Филумана - Валентин Шатилов
Шрифт:
Интервал:
Закладка:
– Ну, все, иди, – развернула я его лицом к стене. – И возвращайся скорее! – пробормотала все-таки опять.
Ждать пришлось недолго. Мой сын появился с той стороны, как всегда невозмутимый, и с листком бумаги в руке.
– О! Цидулка какая-то! – воскликнул Михаил. Листок был мятый, какой-то жеваный, с одного края грубо надорванный – видно, писали на первом, что попалось под руку.
Прыгающими от волнения, крупными буквами было написано маминым почерком: «Наташенька, милая! Как ты меня измучила! Где ты? Почему сама не идешь? Мальчик какой-то странный – ничего не хочет рассказать. Я живу у тети Веры с тех пор, как ты пропала. Сторожу тут тебя: вдруг появишься? Узнала ли что про папу? Напиши скорее все! Твоя мама. Тетя Вера привет передает».

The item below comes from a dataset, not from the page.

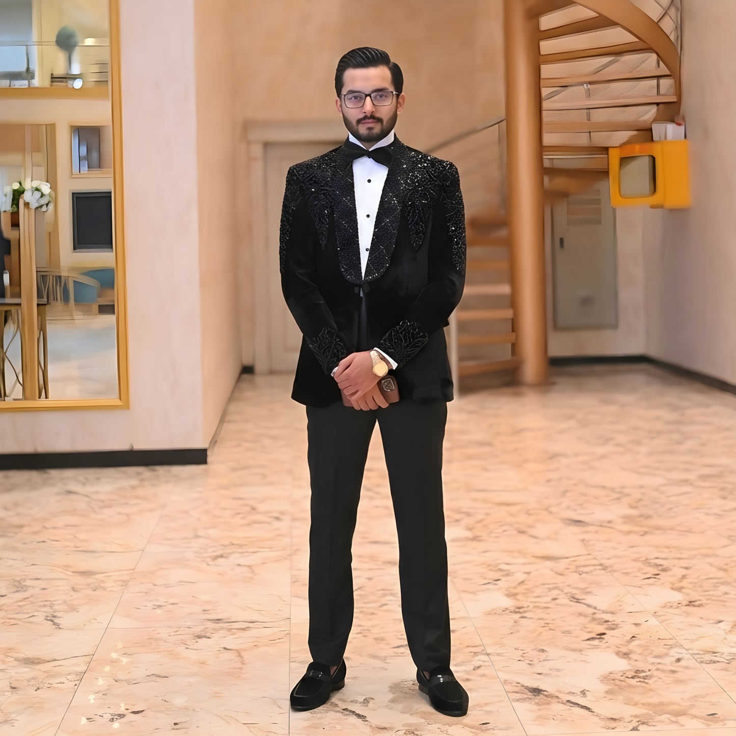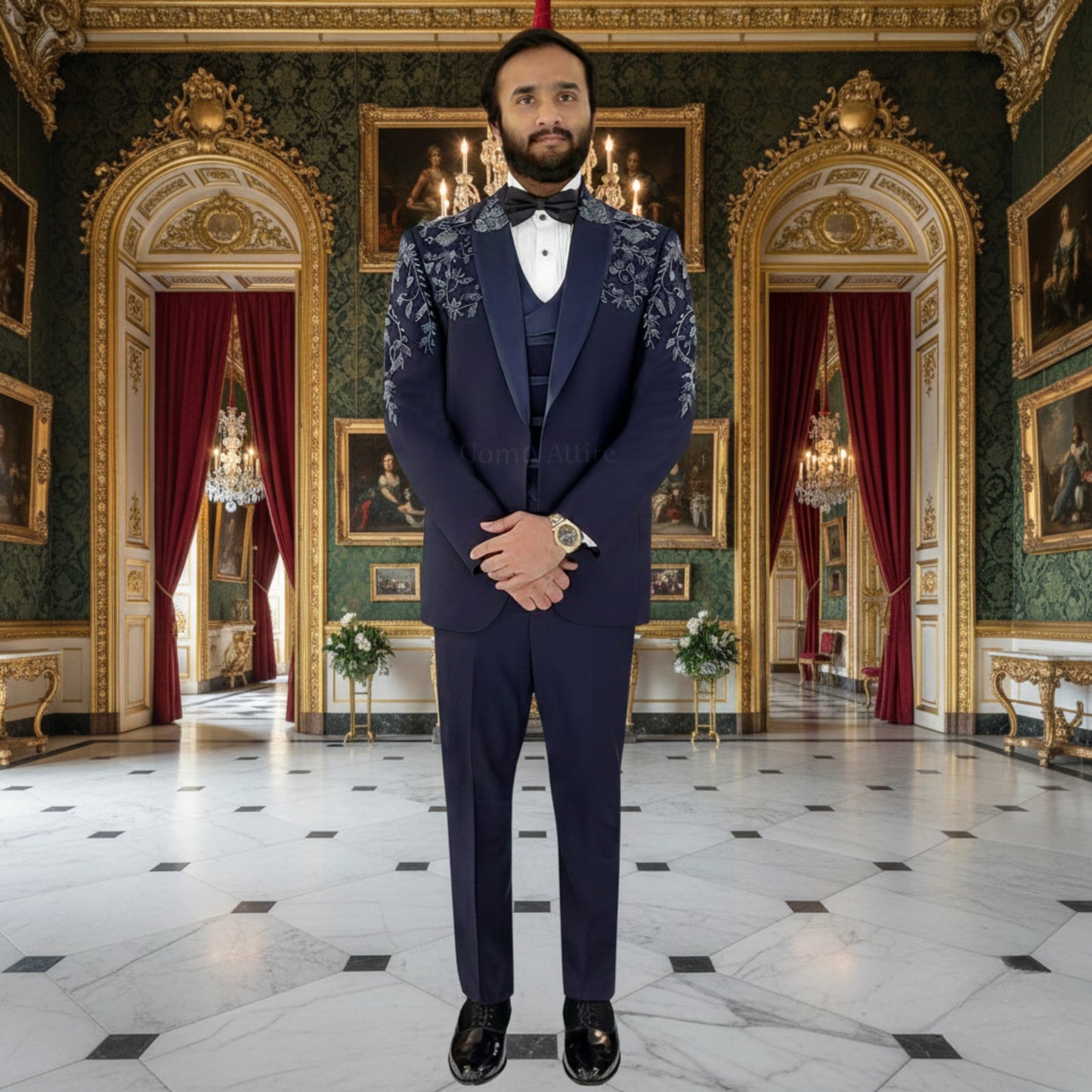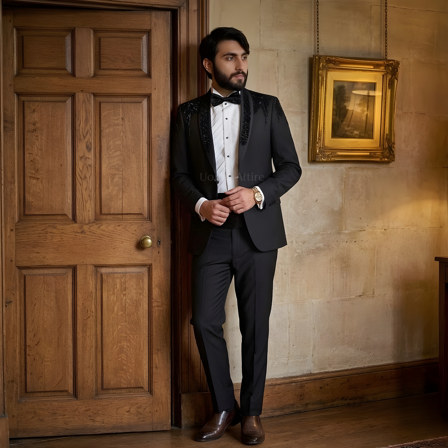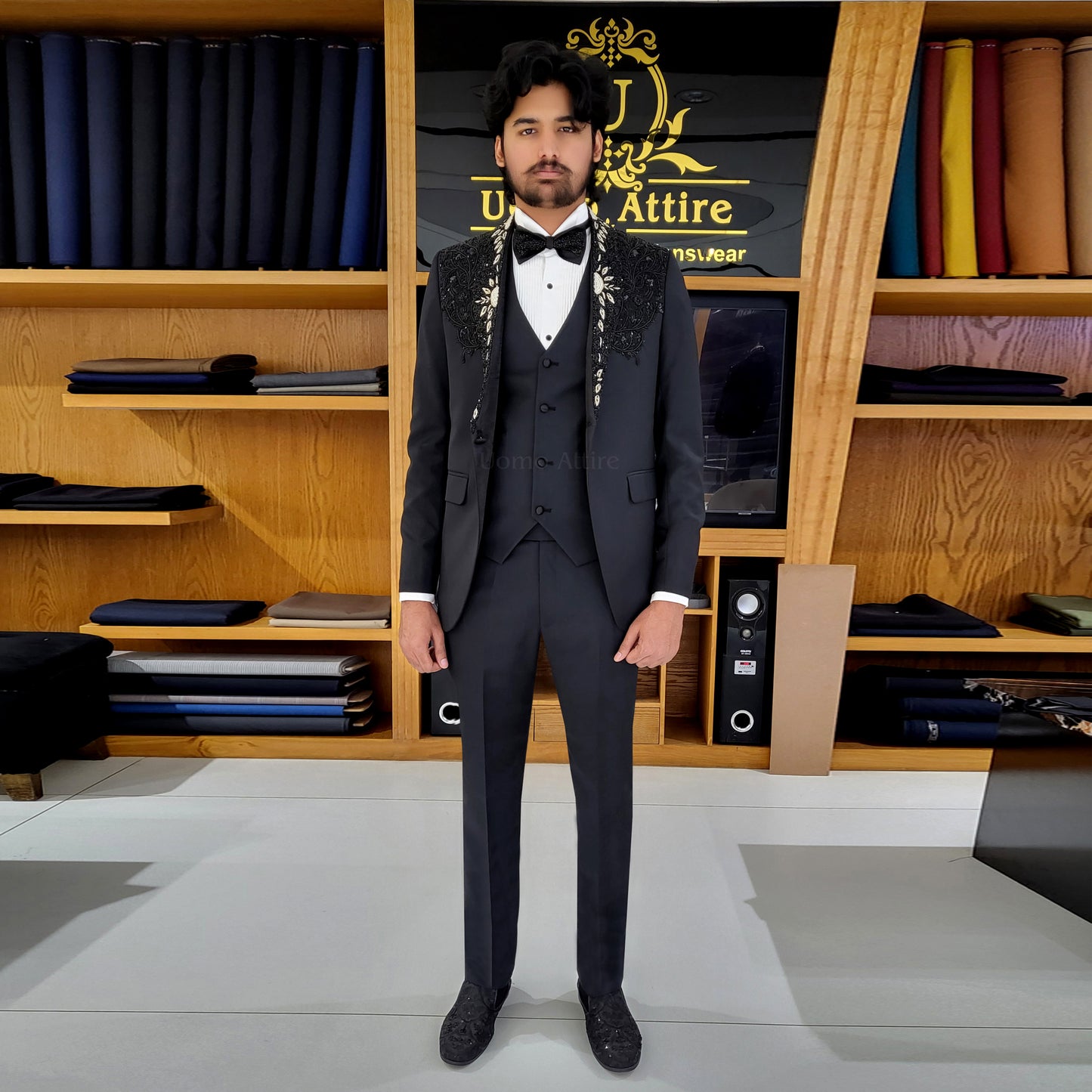 Elevate your fashion sense and experience unparalleled finesse with our elegantly dapper collection of Tuxedo 3 piece suits for men. With flawless stitching and exquisite embellishments, our team of talented craftsmen brings you a complete array of premium quality Tuxedo Suits that are tailored to fit your size and are a class apart.

Я обрыдалась, читая эти суматошные строчки, выведенные зеленой шариковой ручкой. Капли от моих слез смешивались с уже начавшими подсыхать следами от маминой капели.
Михаил протянул чистый лист и серебряный карандашик.
Высморкавшись, я под взглядами двух самых моих любимых мужчин принялась писать:
«Мамулечка, дорогая! Здравствуй! Выйти к тебе не могу. И не знаю, когда смогу. Может, и никогда. Но это не страшно. Главное, что все живы и здоровы. Странный мальчик, который принесет тебе письмо, – твой внук. Зовут его Олег Михайлович Квасуров. Я тут вышла замуж. Очень удачно. Как и ты. Тоже за князя – Михаила Никитовича Квасурова. А папа давно умер. Ты была права – его убили, как только вы с ним расстались. Поэтому я теперь тоже княгиня. Правлю папиным княжеством Очень люблю своего мужа. Он передает тебе привет».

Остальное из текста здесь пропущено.